▸ **EXERCISE OBJECTIVE**: Below are the records; give again exactly the lines from the one containing "福岡は昨日に比べて6℃も高く" through the one containing "Deze strap is", leaving out pictures.

▸ **INPUT DATA**:
※ ※ ※

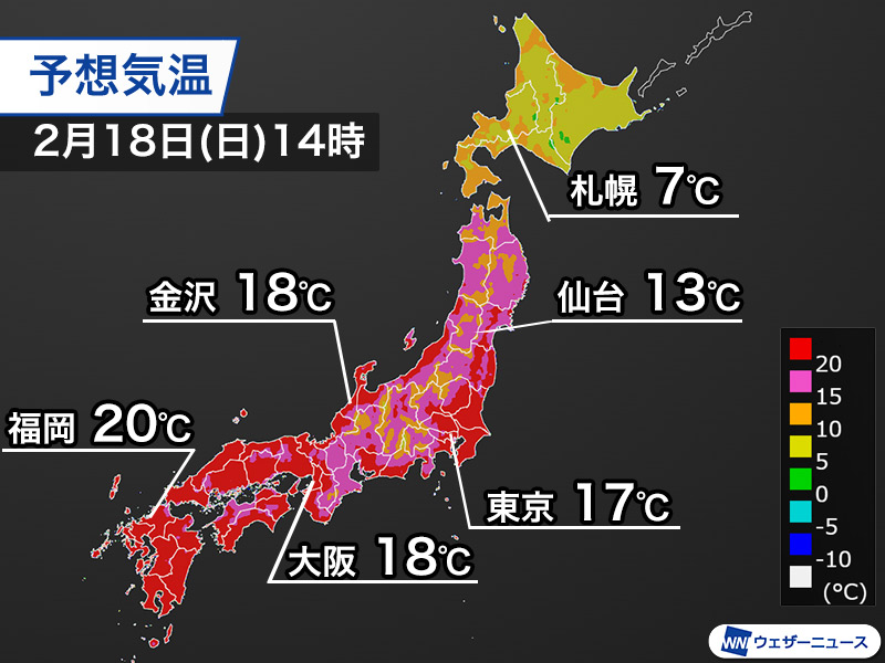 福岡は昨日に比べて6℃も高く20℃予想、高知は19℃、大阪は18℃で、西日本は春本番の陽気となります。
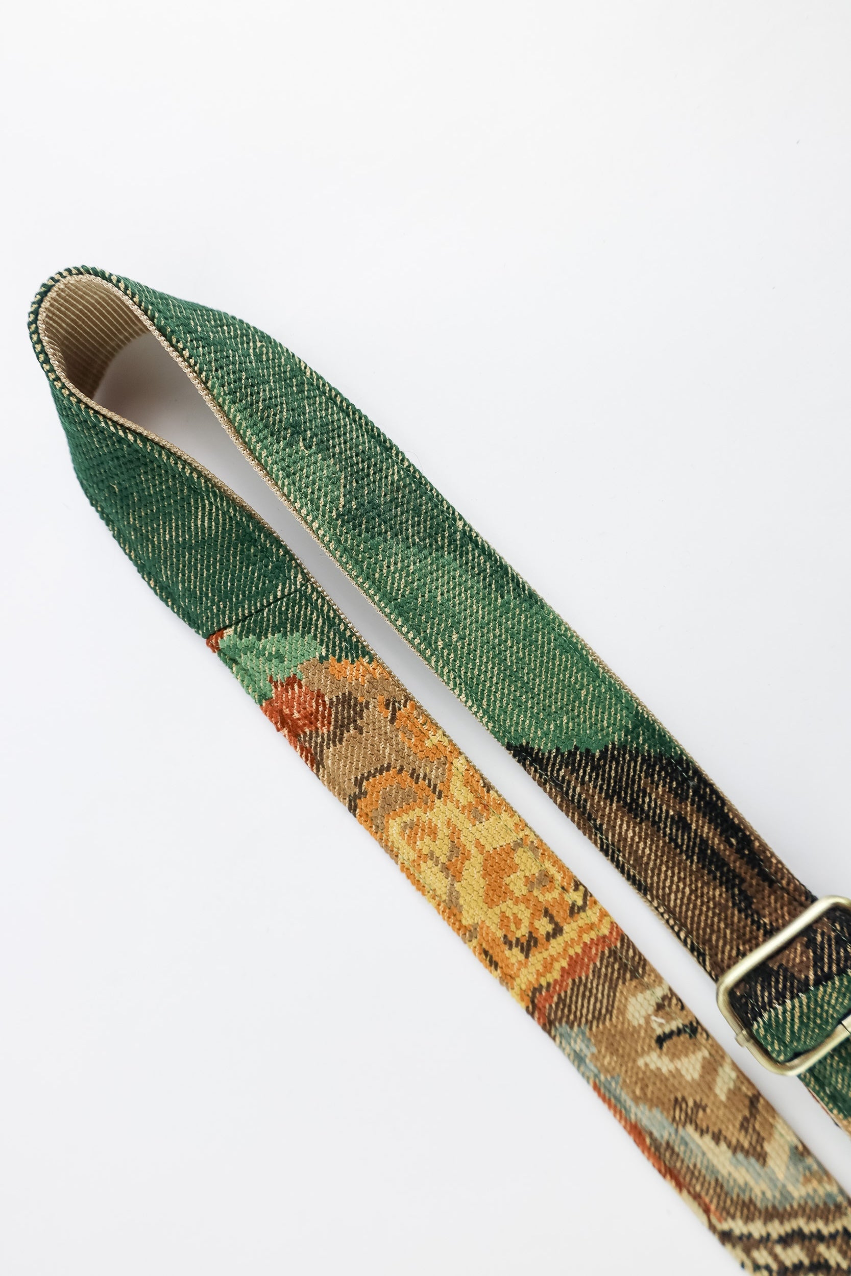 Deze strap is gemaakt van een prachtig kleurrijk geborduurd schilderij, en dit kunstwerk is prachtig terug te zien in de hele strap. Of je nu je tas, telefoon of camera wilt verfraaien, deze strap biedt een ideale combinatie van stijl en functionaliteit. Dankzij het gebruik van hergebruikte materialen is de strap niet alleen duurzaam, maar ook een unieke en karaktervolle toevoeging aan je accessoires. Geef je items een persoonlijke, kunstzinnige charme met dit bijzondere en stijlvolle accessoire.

※ ※ ※

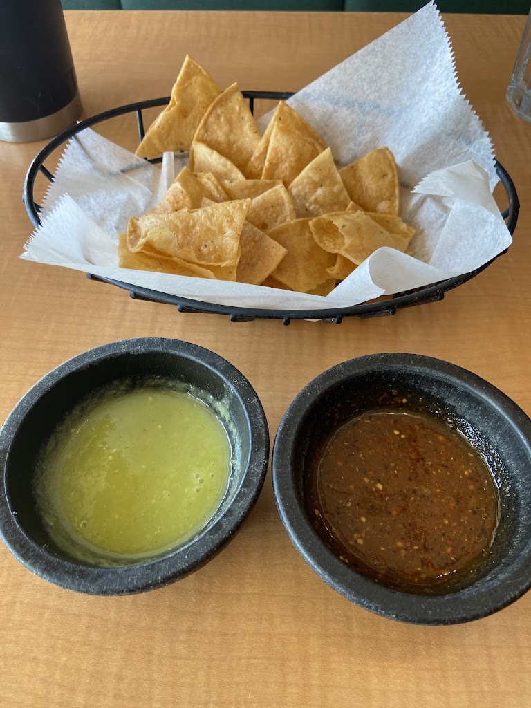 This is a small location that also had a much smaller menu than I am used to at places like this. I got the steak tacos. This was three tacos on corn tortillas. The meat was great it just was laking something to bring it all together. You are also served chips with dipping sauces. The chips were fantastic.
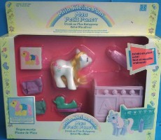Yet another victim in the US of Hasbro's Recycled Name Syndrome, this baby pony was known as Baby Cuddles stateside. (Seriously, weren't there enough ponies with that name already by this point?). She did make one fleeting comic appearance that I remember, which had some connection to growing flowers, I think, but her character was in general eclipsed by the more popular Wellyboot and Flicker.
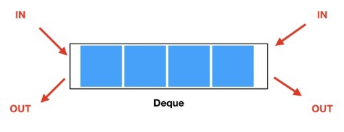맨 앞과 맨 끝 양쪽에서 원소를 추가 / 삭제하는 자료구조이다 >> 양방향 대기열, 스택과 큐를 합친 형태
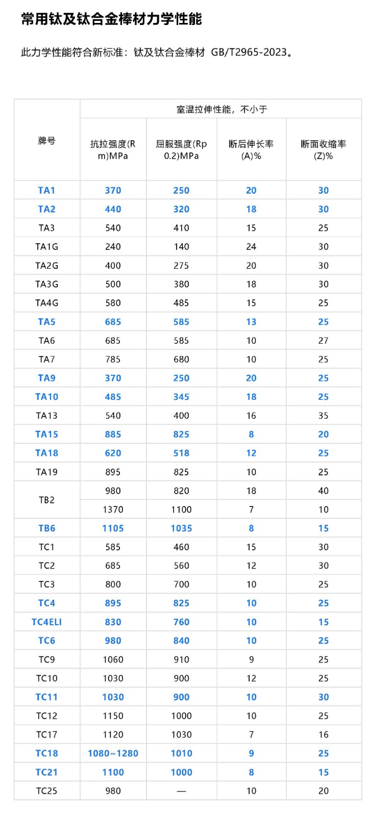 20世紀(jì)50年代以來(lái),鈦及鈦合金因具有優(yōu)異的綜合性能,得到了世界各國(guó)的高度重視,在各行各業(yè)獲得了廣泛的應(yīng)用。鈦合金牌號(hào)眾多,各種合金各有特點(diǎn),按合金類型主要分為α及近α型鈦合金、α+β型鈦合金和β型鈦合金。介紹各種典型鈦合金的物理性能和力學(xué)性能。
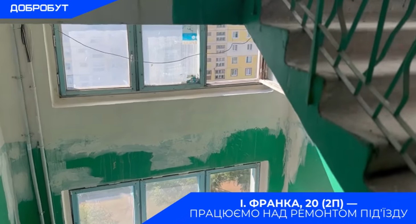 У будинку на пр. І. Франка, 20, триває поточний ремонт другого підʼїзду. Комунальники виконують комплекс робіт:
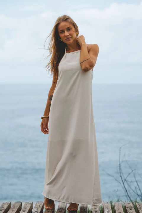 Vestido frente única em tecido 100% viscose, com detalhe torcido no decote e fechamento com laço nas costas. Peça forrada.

※ ※ ※

▸ **RESULT OF THIS TASK**:
 福岡は昨日に比べて6℃も高く20℃予想、高知は19℃、大阪は18℃で、西日本は春本番の陽気となります。
 Deze strap is gemaakt van een prachtig kleurrijk geborduurd schilderij, en dit kunstwerk is prachtig terug te zien in de hele strap. Of je nu je tas, telefoon of camera wilt verfraaien, deze strap biedt een ideale combinatie van stijl en functionaliteit. Dankzij het gebruik van hergebruikte materialen is de strap niet alleen duurzaam, maar ook een unieke en karaktervolle toevoeging aan je accessoires. Geef je items een persoonlijke, kunstzinnige charme met dit bijzondere en stijlvolle accessoire.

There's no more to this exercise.